What you write should match, word for word, the lines from the one containing "Kovová nádoba na cibuli Vintage, 19,5x17 cm" through the end of the data, with no pictures.

● Dataset section:
= Beginning of Section =
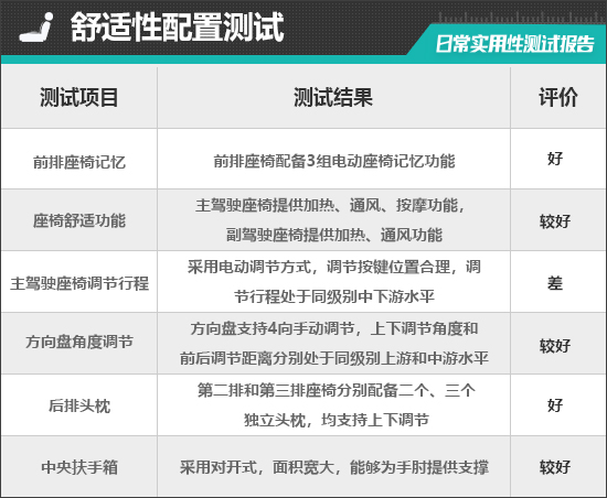 在主驾驶座椅测试中,评测车的驾驶座椅最前端和最末端之间的距离为220mm,处于同级别中下游水平,座椅可调节行程有待优化。
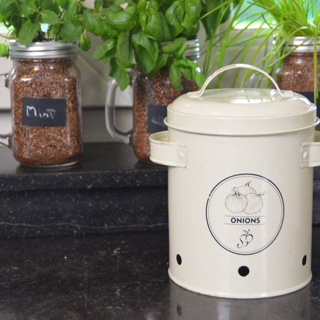 Kovová nádoba na cibuli Vintage, 19,5x17 cm
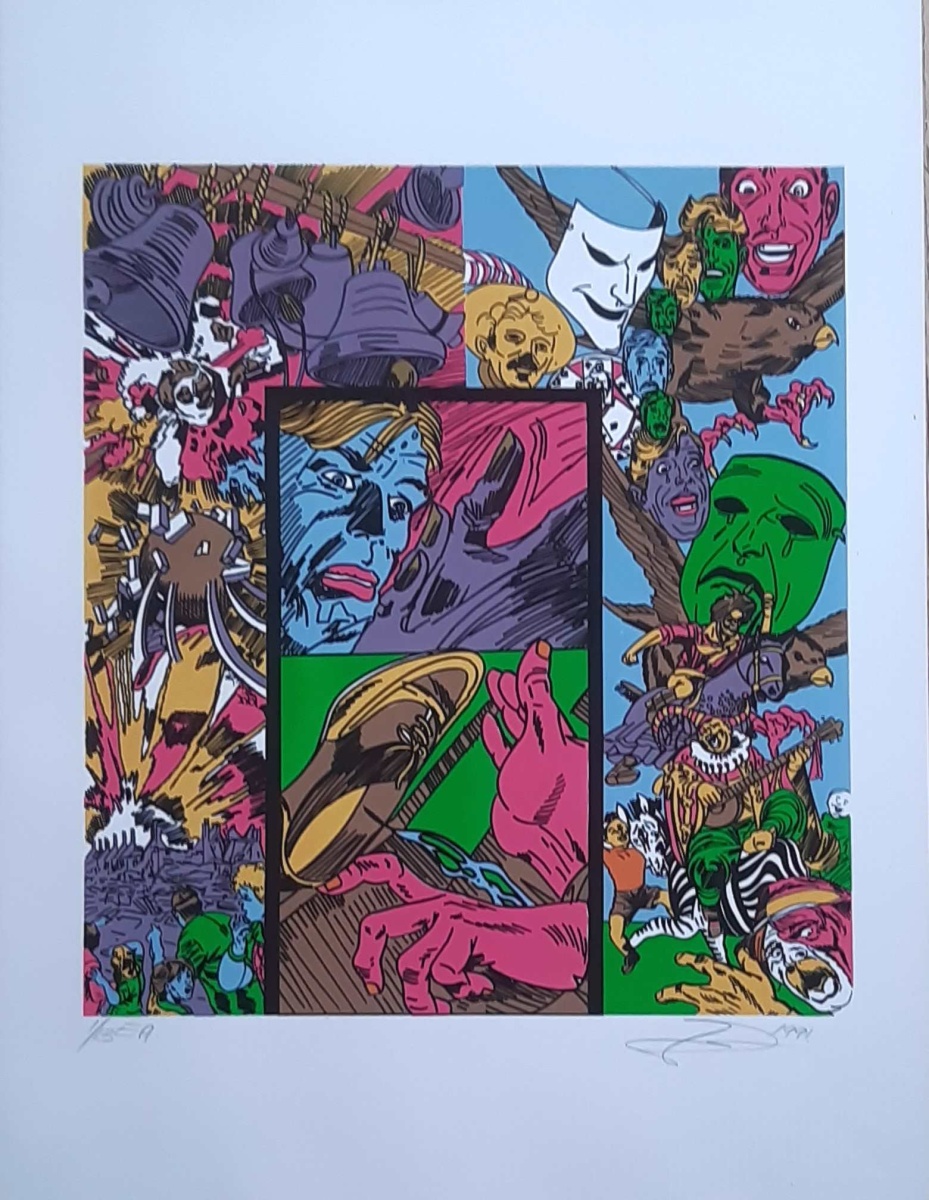 Fascinated by the world of images from the most diverse cultures, Erró collects everything he can glean here and there through comics, comics, alternative press, advertising, illustrations and other marginal publications. He uses this reservoir of images to create a whole world of little sketches, alternately funny, ironic or militant, which he transposes on the canvas and where everything is telescope in an explosive formal and chromatic jubilation.
= End of Section =
● Solution to this task:
 Kovová nádoba na cibuli Vintage, 19,5x17 cm
 Fascinated by the world of images from the most diverse cultures, Erró collects everything he can glean here and there through comics, comics, alternative press, advertising, illustrations and other marginal publications. He uses this reservoir of images to create a whole world of little sketches, alternately funny, ironic or militant, which he transposes on the canvas and where everything is telescope in an explosive formal and chromatic jubilation.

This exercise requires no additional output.